Bug! Good Linus! Catch the buggy, eat him if you must. I mentally applaud any and all efforts on his behalf to rid us of household pests. Mentally, because Bruce is much more likely to get disgusted and scold him for eating things that are alive, and I don't want to gross Bruce out by cheering him on. The cheering (mental or otherwise) usually stops when and if there is crunching involved anyway. Crunching = Gross. But I digress.
So Linus was peering into the cracks of the couch most curiously and I wanted to help him out. I'm a good mom in that respect. I approached and spread the cushions apart to allow him greater access to his prey, and almost shit myself when I saw what was in there.

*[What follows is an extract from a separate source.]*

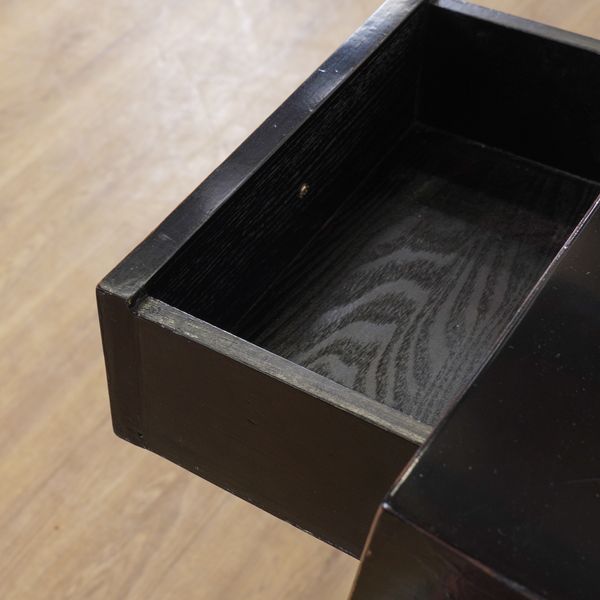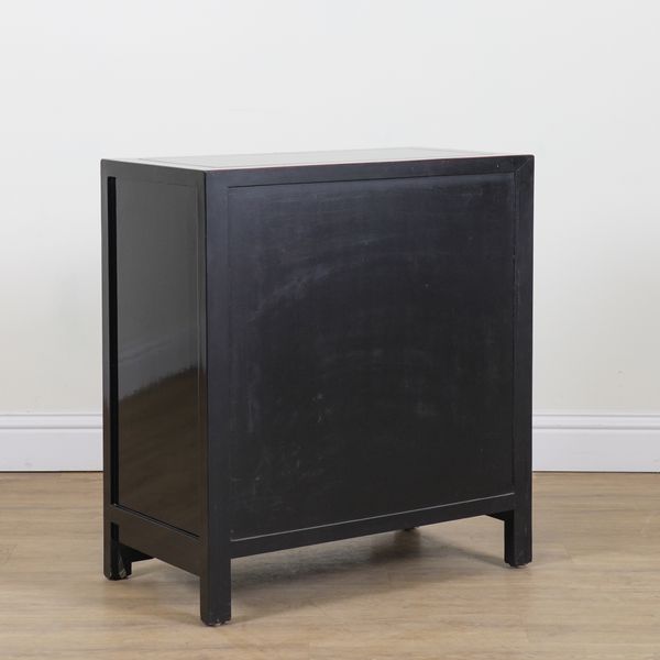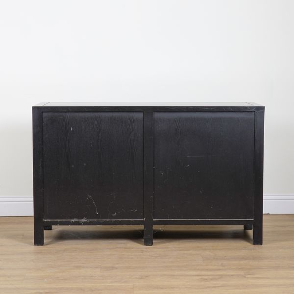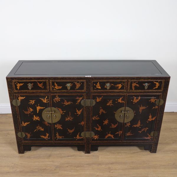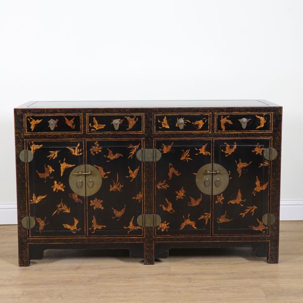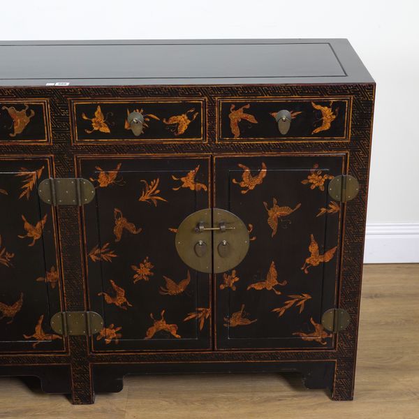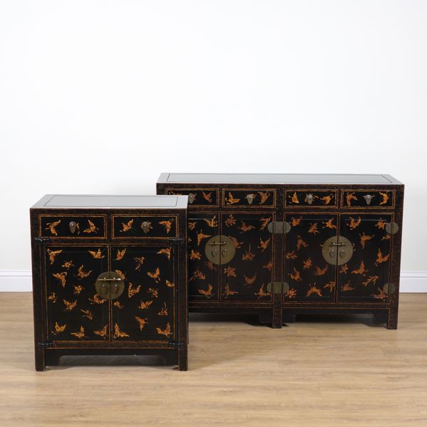 A BLACK LACQUER CHINOISERIE DECORATED SIDEBOARD (2)

This! That disgusting thing was in there! That thing that crawled into my shoe in the dark one summer on the way home from the roller skating rink at the county park and then when I put my foot back into my shoe it was there and it MOVED and CRUNCHED and may possibly have BITTEN me, that thing! Was! In! My! Couch!
It appeared to be dead, but it was Not! Dead! And Linuses had lost all interest in it the second that it started appearing dead. So I did the only sensible thing a woman can do when her good-for-nothing cat is disinterested and her bug-killing husband is asleep.
I made myself a PMOP and took it outside. What, you think I'd make it crunch?